Concerning Vehicular Behavior

I’ve been driving on a pretty regular basis for roughly 26 years now. In all that time, I have seen my share of road rage incidents. Heck, I’ve been a part of my share of road rage incidents.

Wait… By reading that last sentence, you may be assuming that I’m the sort of road-rager that will exit my vehicle and verbally berate or attempt to physically antagonize a fellow motorist. That’s simply not the case. No… I do suffer from my own brand of road rage, but I keep it confined to the safe confines of my own vehicle. I have no problem yelling at drivers I believe have done me wrong or cut me off or are otherwise not operating their vehicle in a manner I believe to be appropriate. But I’m yelling at them from behind my steering wheel with all my windows safely closed. No one hears my horrible screams. And I keep it to the verbal assaults… no hand gestures at all.

Anyway, this isn’t about my road rage. This is about some road rage that I witnessed this afternoon. It was something I can honestly say I’ve never seen happen before.

I came to a stop at an intersection behind a car that was properly stopped at a stop sign. Suddenly, the driver in front of me threw her car into park and exited the vehicle. For a moment, I thought she was going to come back and start yelling at me for something… though I had no idea what I could have possibly done to offend her. But, no, she was screaming at a passenger in her own car.

This driver then proceeded to slam the door closed and quickly walked down the sidewalk, away from her car. It was then that a man climbed out of the passenger side, returning some unheard dialogue. He walked around the car and got behind the wheel and drove off, clearly chasing after the woman that had been in the driver’s seat. The last I was able to see as I drove off was the woman breaking into a run. Well, as much of a run as one can break into when wearing flip flops.

At the time, I had a client in my car and had no choice but to not respond to what I was seeing. But even if I’d been alone in the car… was there really anything I could have done? Should have done?

All I could see was that this was some kind of domestic disturbance. I have no idea what the relationship is between this man and woman. Who would have been in the wrong in their conflict? Was either of them truly in the wrong? After all, the argument can be made it takes two to tango. If they were in conflict, as it appeared to be, maybe the woman getting out of the car and walking away was the right move… She leaves the situation so that one or both of them can cool off for a while. The man, on the other hand, goes ahead and chases her down, clearly unable to let whatever this is go.

So do I move forward with my day concerned that this woman could have been in danger? I kind of just hope for the best because, the reality of the situation is, even if I had been alone while witnessing these actions, I’d have convinced myself to mind my own business. What would I say if I called the police?
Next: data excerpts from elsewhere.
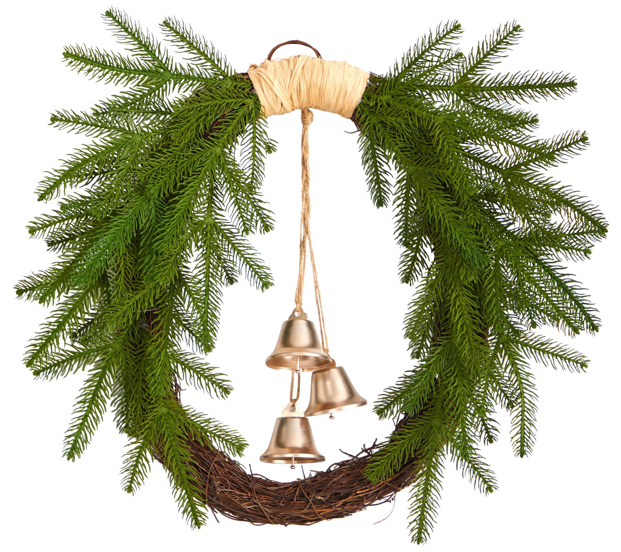 Nearly Natural 24" Holiday Christmas Pine & Bells Wreath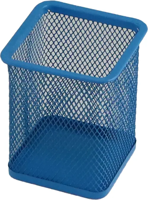 Подставка для канцелярских принадлежностей: стакан с квадратной формой основания, материал-стальная сетка, 4 цвета, размер-10*7 см.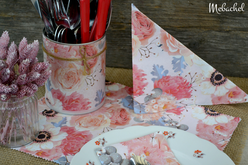 Ak chcete zažiariť na letnej párty, ktorú budete organizovať na vašej záhrade, môžete si takýmto spôsobom vyrobiť napríklad prestieranie. Servítka sa dá preniesť aj na látku, ja som použila ako podklad vyradenú bielu plachtu. Ešte som k tomu vyrobila zo starej plechovky dózu na príbory a spolu so servítkou v rovnakom dekore to na stole vyzerá úžasne. Takéto prestieranie veľmi dobre ladí s jutovým alebo ľanovým obrusom . Už sa teším na leto, keď to celé doladím kytičkou lúčnych kvetov alebo takýmito sviečkami.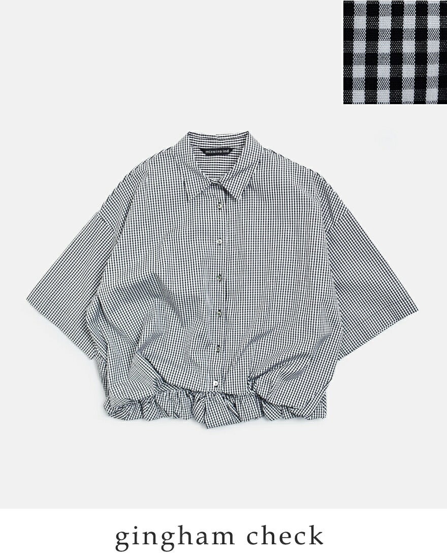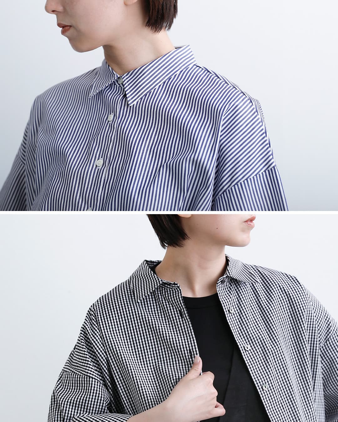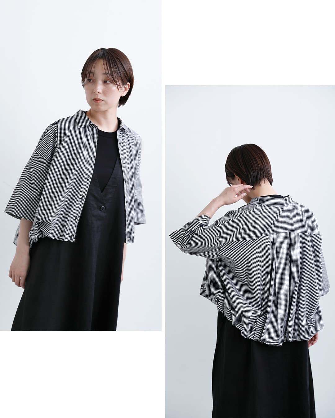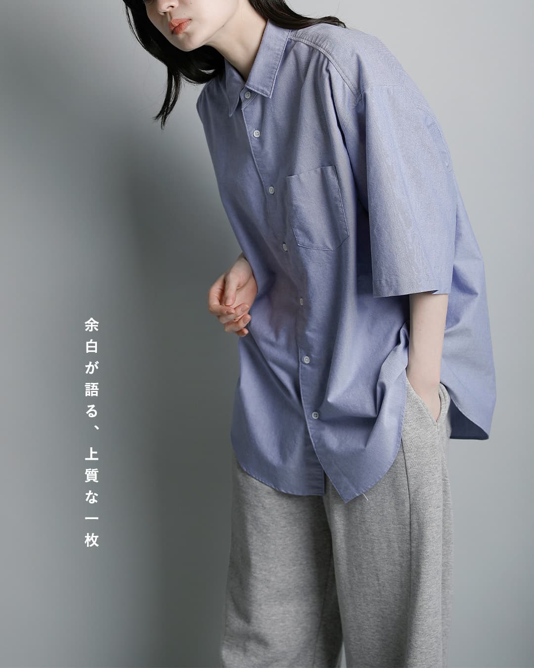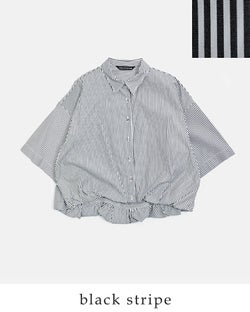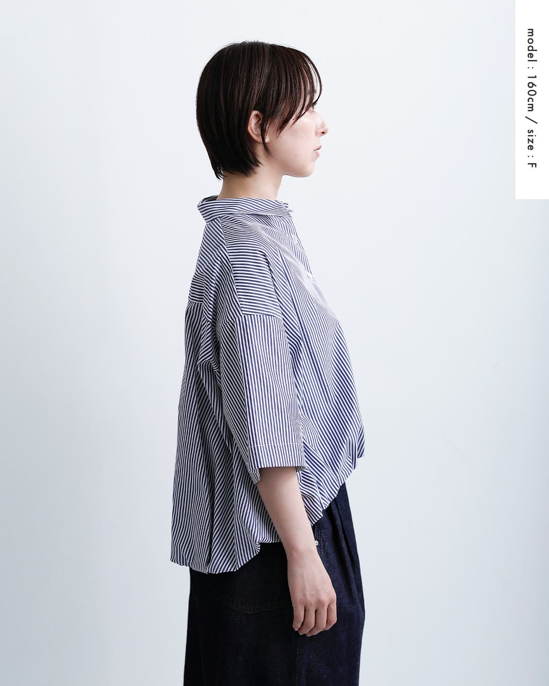 ふんわりとした裾バルーンのシルエットが魅力的風通しの良い5分袖のコットンストライプハーフスリーブバルーンシャツ mizuiro ind ミズイロインド コットン ストライプ ハーフスリーブ バルーン シャツ 2-230129 レディース 2026ss新作 春夏

What could they even do if I reported this couple’s behavior?

What would you do in that situation? Have you ever come upon a road rage incident and felt the need to get involved? Let me know your story in the comments!

Feature Photo by Joshua Wordel on Unsplash

2 thoughts on “Concerning Vehicular Behavior

  1. My first inclination would be to call the Police. You would have at least had descriptions of the car and what occurred. It might have been innocent but a wellness check probably would have been good idea at least for the woman.

    Liked by 1 person

  2. To ease your mind a tad, if she were in real danger, she would have exited the car and walked back to you and requested assistance of some sort. It sounds like she felt the need to remover herself from whatever situation was happening in that car.
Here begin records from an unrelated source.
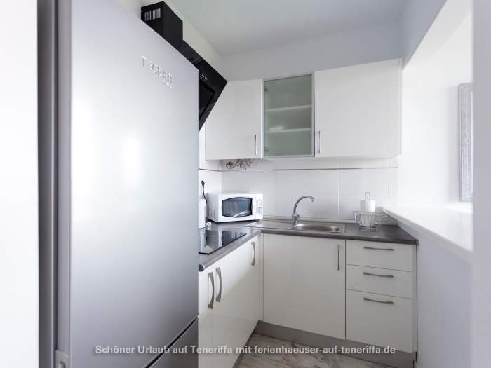 Die Küche ist vollständig ausgestattet mit einem Keramikkochfeld mit vier Platten, Mikrowelle, Kaffeemaschine, Wasserkocher sowie weiteren Küchenutensilien. Der Wohnbereich verfügt über eine gemütliche Essecke und eine Sofaecke mit Fernseher, ideal für entspannte Abende.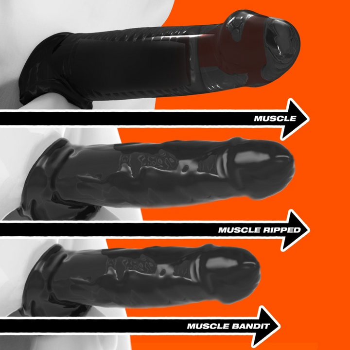 With its slim design, the Muscle Ripped sheath offers a little more girth and an impressive 2.5 inches of additional length. It's similar to our popular Muscle sheath, but with a size that fits even more people. You'll love the stretchy and rubbery feel of the FLEXtpr™ material, which molds perfectly to your shape.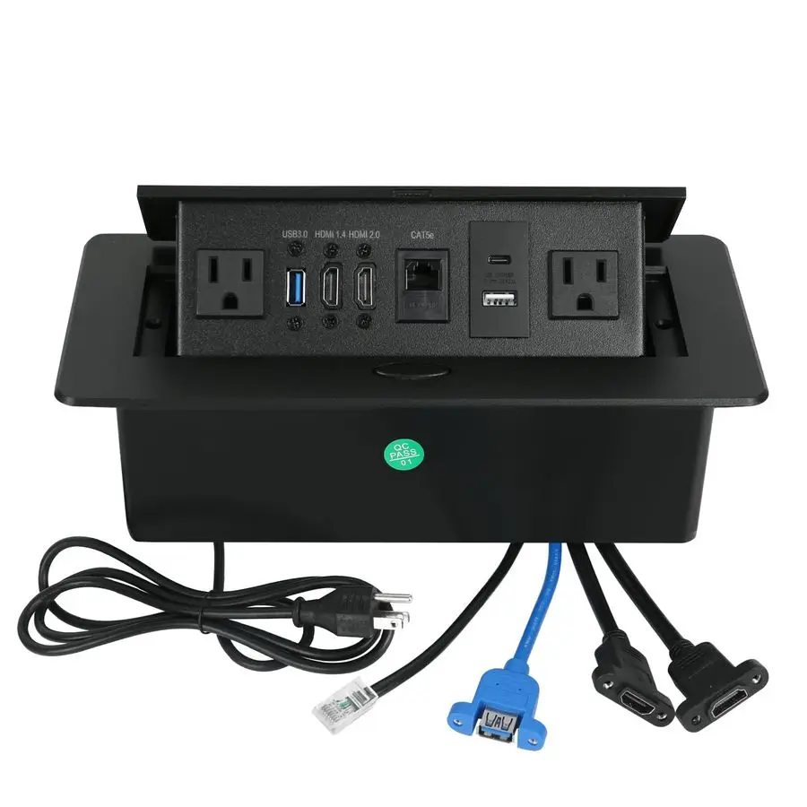 Pop up Power Strip Box Desktop Pop Up Outlet Recessed Multimedia Strip Socket Conference Table Power Hub Hidden Table Connection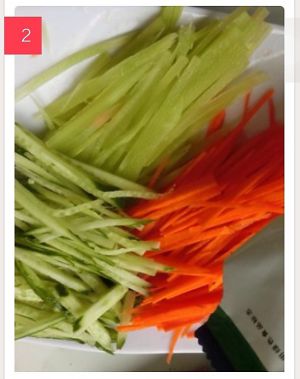 将木耳、胡萝卜、黄瓜、莴笋、香菇、黄瓜准备(如图所示,部分切丝)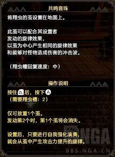 核心交换技共鸣音珠已经解释完,大地一击/击乐的选择全看你个人喜好,这里重点说说演奏模式的选择。绝大多数攻略和solo片都推荐[奏]模式,毕竟那个无敌帧实在是太香,但我在经过数百场奶笛之后,还是换回了传统的[响]模式。主要原因是,一来虽然无敌帧很香,但是野队团战几乎用不到,无回滚已经非常够用。二来翻滚的后摇比ZR短很多,ZR攻防一体,必须保证回避掉攻击的同时打中怪物才有得赚。但团战你经常会处于boss打的到你但你碰不到boss的距离,比如迅龙的二连360。这时候你用ZR回避就是亏爆。第三,也是最关键的,本作ZR的动作值和气炎积累值相当不错,很多爆发都是X/A>ZR打出。如果用[奏]模式,ZR无法演奏,那你在输出时就得面临取舍,是用X>X来抬血量,还是X>ZR打伤害,毕竟后者的回复量只有前者的一半。但如果用[响]模式,你大可以全都要,无脑X>ZR伤害高回复足。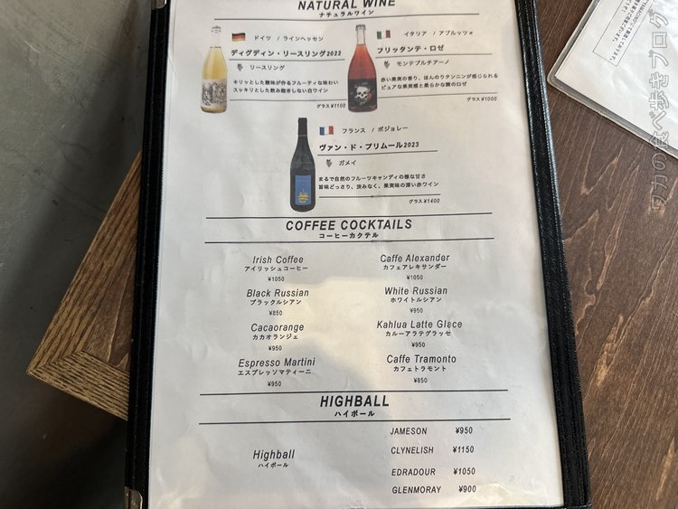 焼き菓子達と共に、コーヒー系、お酒のメニューも。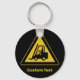 Triangle shaped yellow warning sign. Warning: Fork lift trucks and other industrial vehicles. Custom background colour. Custom text on both sides.
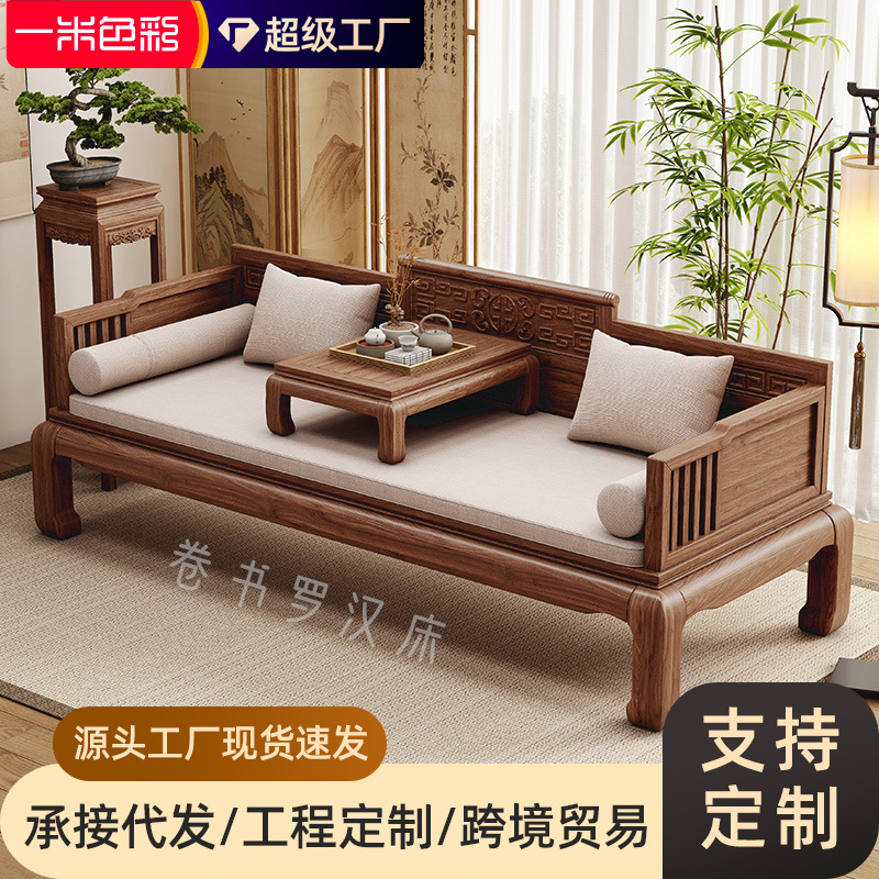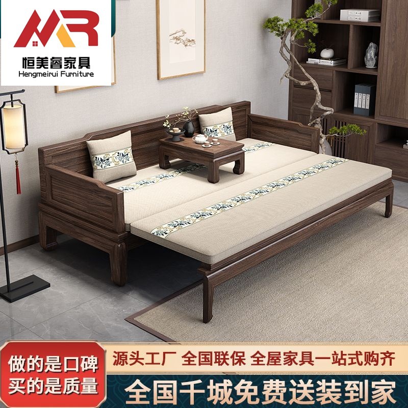 新中式北美黑胡桃罗汉床客厅小户型罗汉榻椅禅意贵妃榻沙发床两用

    We visited my cousin in DC this past Christmas while walking the streets on our way to dinner, we came across a couple that was fighting. At first it was just the girl screaming in very close proximity to the guys face and then he grabbed her arm; not in a forceful way–more so in a please calm down, I mean you no harm kind of way. Well that sent her off and she started waling on him; his arms, his chest, I think she tried to slap his face a couple times, but he either dodged or blocked her attempts. Essentially he kept his composure while she lost her mind and since we were in unfamiliar territory, we let my cousin take the lead as to how we would react and we just walked right past. Later on he said those types of spats happen all the time; it’s best to just mind your own business.